> _WHAT YOU SHOULD DO_
Nothing but the pictures should be dropped when the records are transcribed word for word.

** GIVEN RECORDS follows **

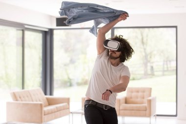 Kıvırcık adam evde sanal gerçeklik kulaklığıyla video oyunu oynuyor.
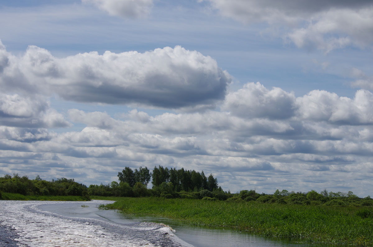 Сделав небольшой круг по озеру, чтобы мы могли оценить весь водный простор, возвращаемся к устью Цевлы и высаживаемся на берег.
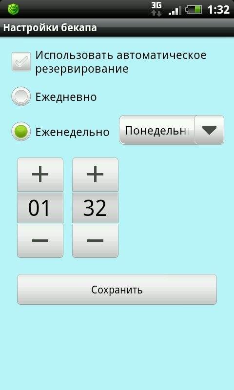 - Автоматическое резервирование по расписанию ежедневно/еженедельно/ время.
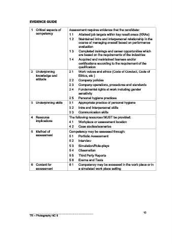 6. Context for 6.1 Competency may be assessed in the work place or in
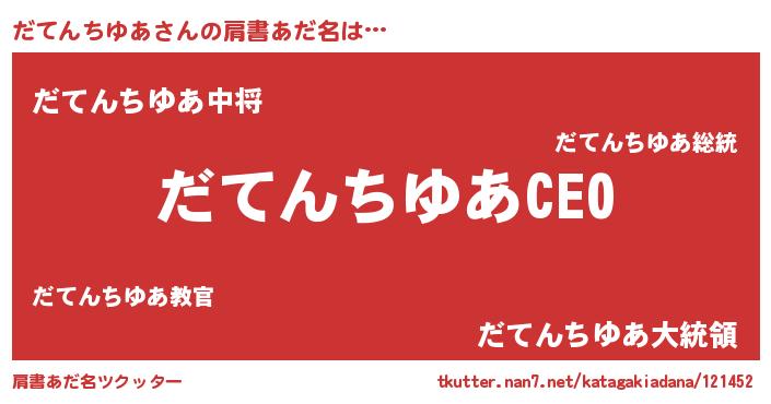 | 男性向けラノベタイトル風あだ名 | 『だてんちゆあの憂鬱』 |
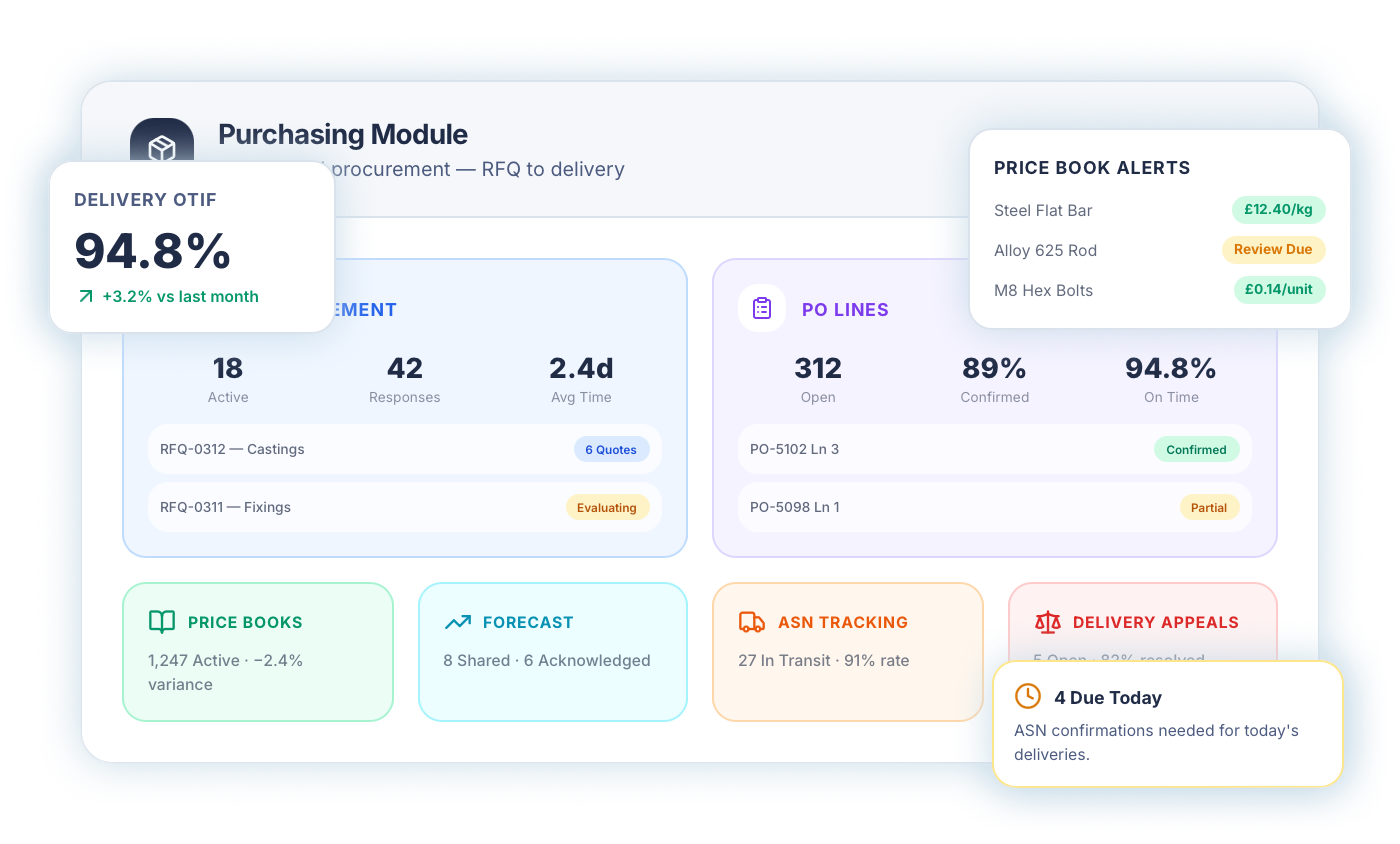 Discover how the Purchasing Module helps procurement teams manage the full procurement lifecycle, from RFQs and price book alignment to forecast sharing, expediting, ASN tracking and delivery appeals, reducing cost variance, improving OTIF performance and strengthening supplier collaboration
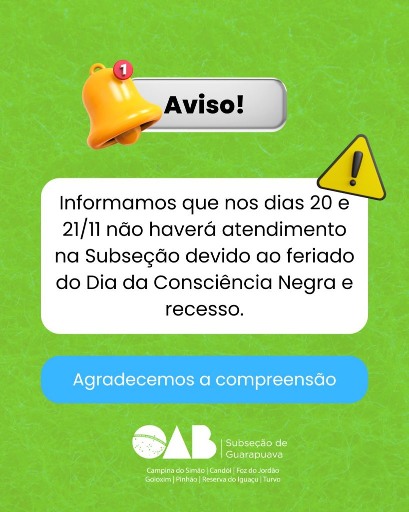 A OAB Guarapuava estará fechada nos dias 20 e 21/11 por conta do feriado da Consciência Negra e recesso.
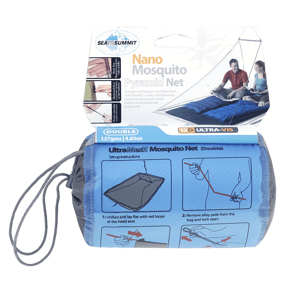 Niezbędne akcesorium podczas podróży do obszarów tropikalnych i innych miejsc, w których występuje obfitość owadów żądlących. Ultralekka moskitiera, która niezawodnie chroni przed ryzykiem zarażenia się chorobami przenoszonymi przez komary i inne owady. Dzięki ultradrobnej siateczce (15D Ultra-Vis™) doskonale przepuszcza powietrze, a jednocześnie pozwala na spakowanie jej do miniaturowego opakowania.
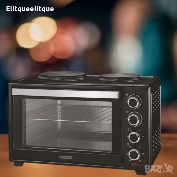 Тип продукт: Готварска печка; Готварската печка Termomax TXC46CL е с компактен размер, 2 котлона и топлоизолирана вратичка с двойно стъкло. Общ/ полезен обем – 89/46 L; Контрол на температурата до 230◦C; Нагреватели от неръждаема стомана 1 котлон с мощност 1200W (Ø – 185 mm) 1 котлон с мощност 800W (Ø – 153 mm); Фурна с мощност 1600W; Вътрешен размер на фурната: 310x430x330 mm; Размер на продукта: 375x580x410 mm; Дължина на кабела: 900 mm; Вентилатор 10W; Вътрешна лампа 25W; Топлоизолирана вратичка с двойно стъкло; Аксесоари: Емайлирана тавичка с размер: 430x320 mm, Грил решетка с размер: 430x320 mm; 3600W, 220-240V/ 50-60 Hz; Гаранция 24 месеца.
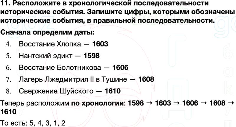 11. Расположите в хронологической последовательности исторические события. Запишите цифры, которыми обозначены исторические события, в правильной последовательности.
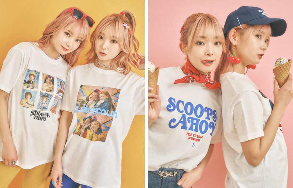 コラボアイテムは、Tシャツ(全9種)とコーデのアクセントになってくれるキャップ(全4種)。ポップでカラフルな80年代の世界観が目を引くデザインのものばかり。特にTシャツはドラマ内のシーン写真を使用したデザインから、シンプルめなロゴものまで、春コーデでヘビロテしたくなるようなラインアップとなっています。
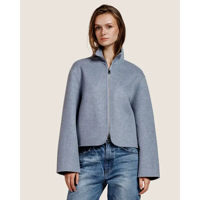 This cropped jacket features a sleek, minimalist silhouette with a structured feel. Designed with a high stand collar and a full-length front zipper, it offers a modern and refined look.
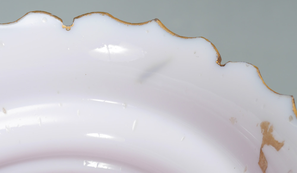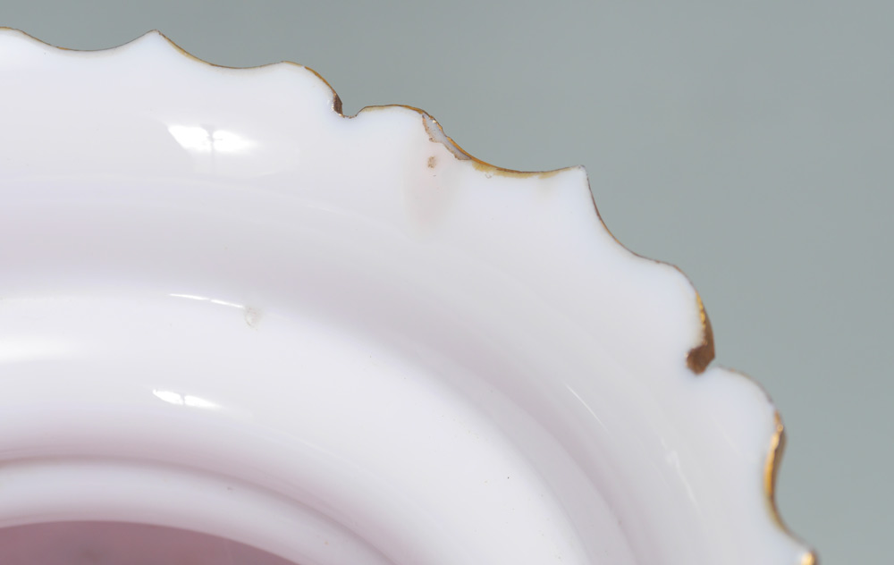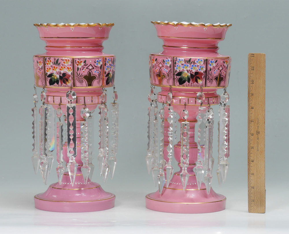 PAIR PINK GLASS LUSTERS / LUSTRES: Elaborate enamel decoration on cased pink glass mantle lustres with double row of crystal prisms. Measures 14 1/4'' h.
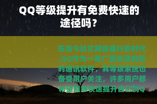 在当今社交网络盛行的时代,QQ作为一款广受欢迎的即时通讯软件,其等级系统也备受用户关注,许多用户都希望能够快速提升自己的QQ等级,以展示自己在QQ世界中的活跃度和资历,网络上出现了一些声称可以免费快速刷QQ等级的网站,吸引了不少人的目光。
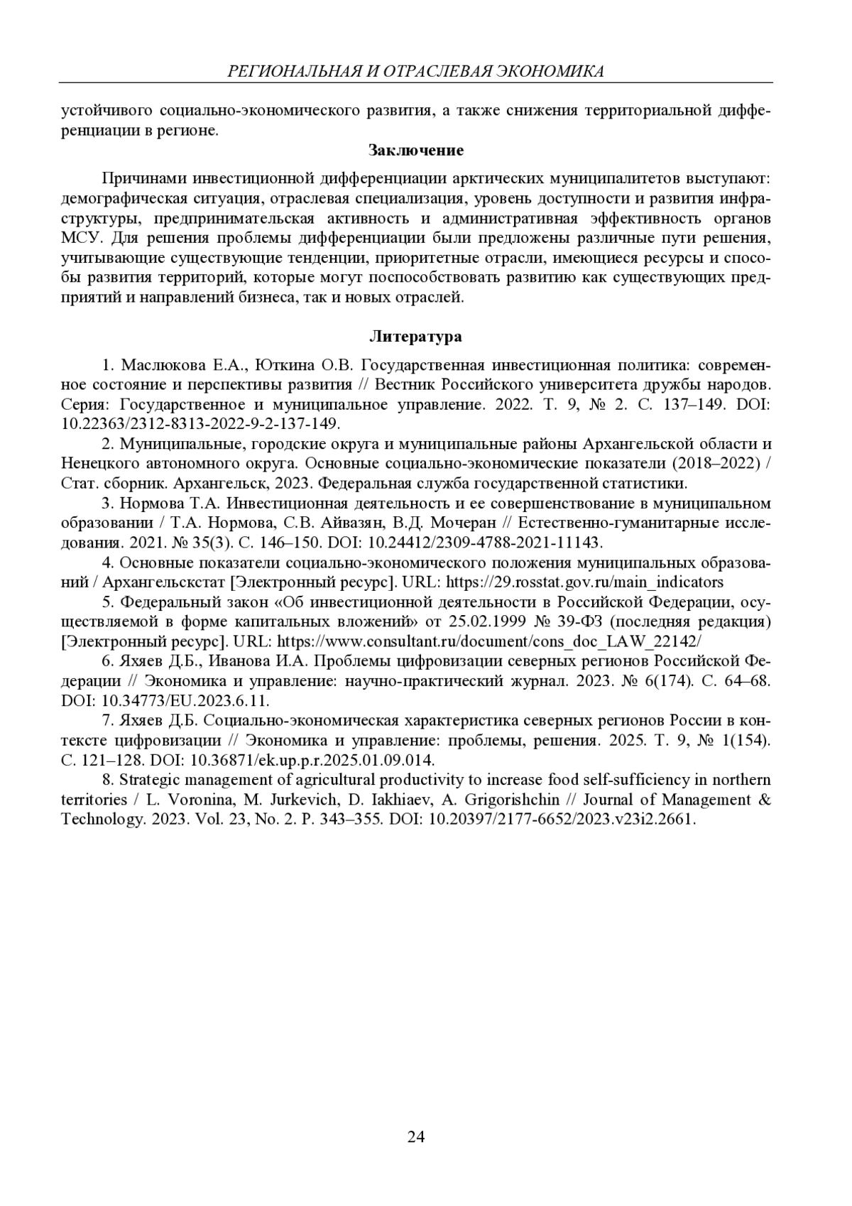 7. 	Яхяев Д.Б. Социально-экономическая характеристика северных регионов России в контексте цифровизации // Экономика и управление: проблемы, решения. 2025. Т. 9, № 1(154). С. 121-128.  DOI: 10.36871/ek.up.p.r.2025.01.09.014  EDN: GSRLRS

** End of GIVEN RECORDS **

> _RESULT OF THE EXERCISE_
 Kıvırcık adam evde sanal gerçeklik kulaklığıyla video oyunu oynuyor.
 Сделав небольшой круг по озеру, чтобы мы могли оценить весь водный простор, возвращаемся к устью Цевлы и высаживаемся на берег.
 - Автоматическое резервирование по расписанию ежедневно/еженедельно/ время.
 6. Context for 6.1 Competency may be assessed in the work place or in
 | 男性向けラノベタイトル風あだ名 | 『だてんちゆあの憂鬱』 |
 Discover how the Purchasing Module helps procurement teams manage the full procurement lifecycle, from RFQs and price book alignment to forecast sharing, expediting, ASN tracking and delivery appeals, reducing cost variance, improving OTIF performance and strengthening supplier collaboration
 A OAB Guarapuava estará fechada nos dias 20 e 21/11 por conta do feriado da Consciência Negra e recesso.
 Niezbędne akcesorium podczas podróży do obszarów tropikalnych i innych miejsc, w których występuje obfitość owadów żądlących. Ultralekka moskitiera, która niezawodnie chroni przed ryzykiem zarażenia się chorobami przenoszonymi przez komary i inne owady. Dzięki ultradrobnej siateczce (15D Ultra-Vis™) doskonale przepuszcza powietrze, a jednocześnie pozwala na spakowanie jej do miniaturowego opakowania.
 Тип продукт: Готварска печка; Готварската печка Termomax TXC46CL е с компактен размер, 2 котлона и топлоизолирана вратичка с двойно стъкло. Общ/ полезен обем – 89/46 L; Контрол на температурата до 230◦C; Нагреватели от неръждаема стомана 1 котлон с мощност 1200W (Ø – 185 mm) 1 котлон с мощност 800W (Ø – 153 mm); Фурна с мощност 1600W; Вътрешен размер на фурната: 310x430x330 mm; Размер на продукта: 375x580x410 mm; Дължина на кабела: 900 mm; Вентилатор 10W; Вътрешна лампа 25W; Топлоизолирана вратичка с двойно стъкло; Аксесоари: Емайлирана тавичка с размер: 430x320 mm, Грил решетка с размер: 430x320 mm; 3600W, 220-240V/ 50-60 Hz; Гаранция 24 месеца.
 11. Расположите в хронологической последовательности исторические события. Запишите цифры, которыми обозначены исторические события, в правильной последовательности.
 コラボアイテムは、Tシャツ(全9種)とコーデのアクセントになってくれるキャップ(全4種)。ポップでカラフルな80年代の世界観が目を引くデザインのものばかり。特にTシャツはドラマ内のシーン写真を使用したデザインから、シンプルめなロゴものまで、春コーデでヘビロテしたくなるようなラインアップとなっています。
 This cropped jacket features a sleek, minimalist silhouette with a structured feel. Designed with a high stand collar and a full-length front zipper, it offers a modern and refined look.
 PAIR PINK GLASS LUSTERS / LUSTRES: Elaborate enamel decoration on cased pink glass mantle lustres with double row of crystal prisms. Measures 14 1/4'' h.
 在当今社交网络盛行的时代,QQ作为一款广受欢迎的即时通讯软件,其等级系统也备受用户关注,许多用户都希望能够快速提升自己的QQ等级,以展示自己在QQ世界中的活跃度和资历,网络上出现了一些声称可以免费快速刷QQ等级的网站,吸引了不少人的目光。
 7. 	Яхяев Д.Б. Социально-экономическая характеристика северных регионов России в контексте цифровизации // Экономика и управление: проблемы, решения. 2025. Т. 9, № 1(154). С. 121-128.  DOI: 10.36871/ek.up.p.r.2025.01.09.014  EDN: GSRLRS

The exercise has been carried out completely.